Indeed, critics often complained that Bedford relied too heavily on those early years and that she refused to share details of her later life with readers, even in her memoir. Fortunately, Hastings does a superb job filling that gap, chronicling Bedford’s later years with precisely the attention to detail that the vague and obtuse Bedford avoided in her work. This includes, of course, her personal life. “I think she was very highly sexed,” wrote the novelist Elizabeth Jane Howard, a close friend Bedford was attracted to in the 1980s. (Howard, unrelentingly straight, declined her amorous advances).

That’s certainly one way of putting it.

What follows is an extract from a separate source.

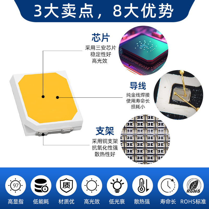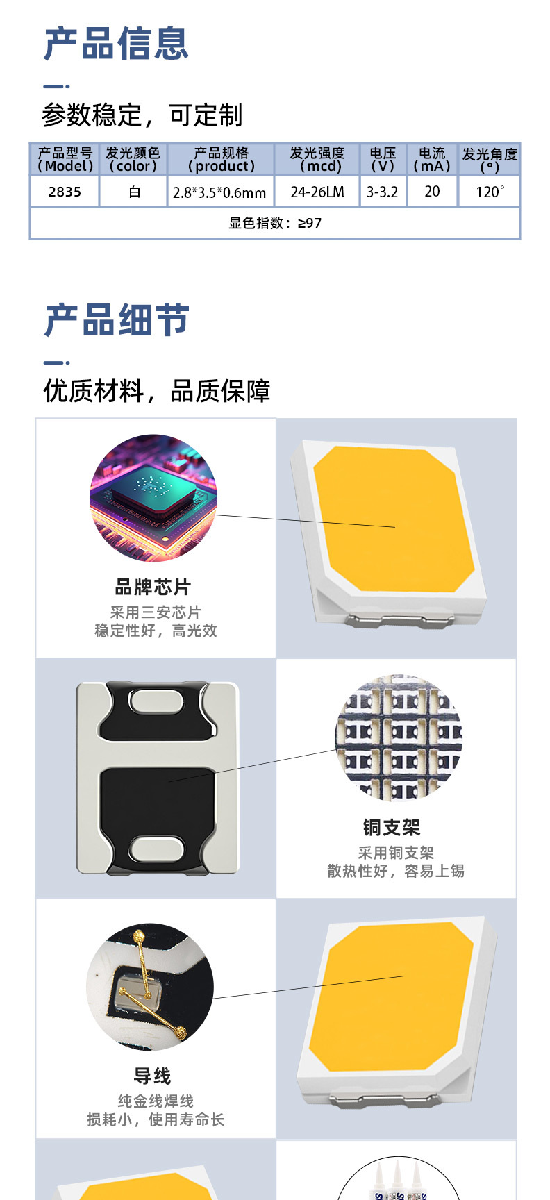 Светодиоды SMD 2835: прямые продажи, чипы San'an, ультраяркие, полноцветные, высокая яркость, высокая цветопередача, высокая светоотдача
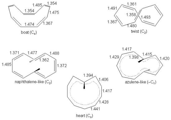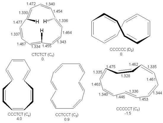 The structures and energies (relative to the tub minimum) of the and stationary points and of one selected isomer and two conformers (bicyclo[4.2.0]octa-2,4,7-triene, crown and chair; , and symmetry) are reported in Figure 14. The chair and crown conformers are stable species 56.5 and 171.1 kcal/mol above the tub conformation [148]. They are obtained from the tub by rotation of two and four CC double bonds so that the orbitals are directed toward the internal part of the cyclic structure, thus increasing the repulsion among electrons [148]. The tub and bicyclo isomers are only a small fraction of the total number of (CH) valence isomers, 21 including stereoisomers [149,150]. Disregarding H atoms, they correspond to regular graphs of degree three [150], i.e., their formulas are drawn under the condition that (i) three lines (bonds) always meet at each vertex (C atom) and (ii) no two of these lines cross. If these conditions are relaxed additional (CH) isomers can be derived.

Although in her later years, Bedford routinely assumed every broken-off relationship would be her last, she continued falling in love right through her 90s (engaging in relationships with women who were often several decades younger than her). Reading these passionate affairs, one is reminded of another lesbian literary entrepreneur – Natalie Clifford Barney, whose literary salon helped establish turn-of-the-century French modernism. Barney (who’d had an affair with Sybille’s long-term lover Murphy) also embarked on affairs in her later years. Barney’s final relationship was with a diplomat’s wife she met at the age of 88 (the other woman was 32 years her junior) and left her husband for Barney. Sybille might not be impressed with the comparison: she met Barney in the 1950s and considered her a bore. 

Nevertheless, the staying power of Bedford’s “appetite for life” was remarkable. Romantic affairs aside, the oenophile celebrated her 90th birthday in 2001 with a multi-course meal including seven different wines (plus champagne). She kept writing to the end, publishing her final book (Quicksands: A Memoir) at the age of 95. 

Being a fan of Sybille Bedford still feels a bit like an in-club. But that’s not a bad thing. Just as she relied on a globe-spanning yet tight-knit and intimate cohort of friends to make it through her eclectic life, so her work continues to thrive thanks to an appreciative fanbase that seems to neither grow nor disappear. To Sybille’s delightful body of work, we can now add Hastings’ biography, a delightful read which combines a light narrative touch akin to Bedford’s own with engrossing and impeccably researched detail. It’s a fitting tribute and an aspirational reminder of what it looks like to live life to the fullest.


Additional Works Cited:

Kimball, Roger. “Without Rancour: Sybille Bedford’s Achievement”. The New Criterion. April 1994.

Rollmann, Rhea. “The Mexican Journey That Made One of the Twentieth Century’s Finest Writers”. PopMatters. 29 September 2016.

Wineapple, Brenda “The Brilliance of Sybille Bedford”. The New York Review of Books. 5 March 2015.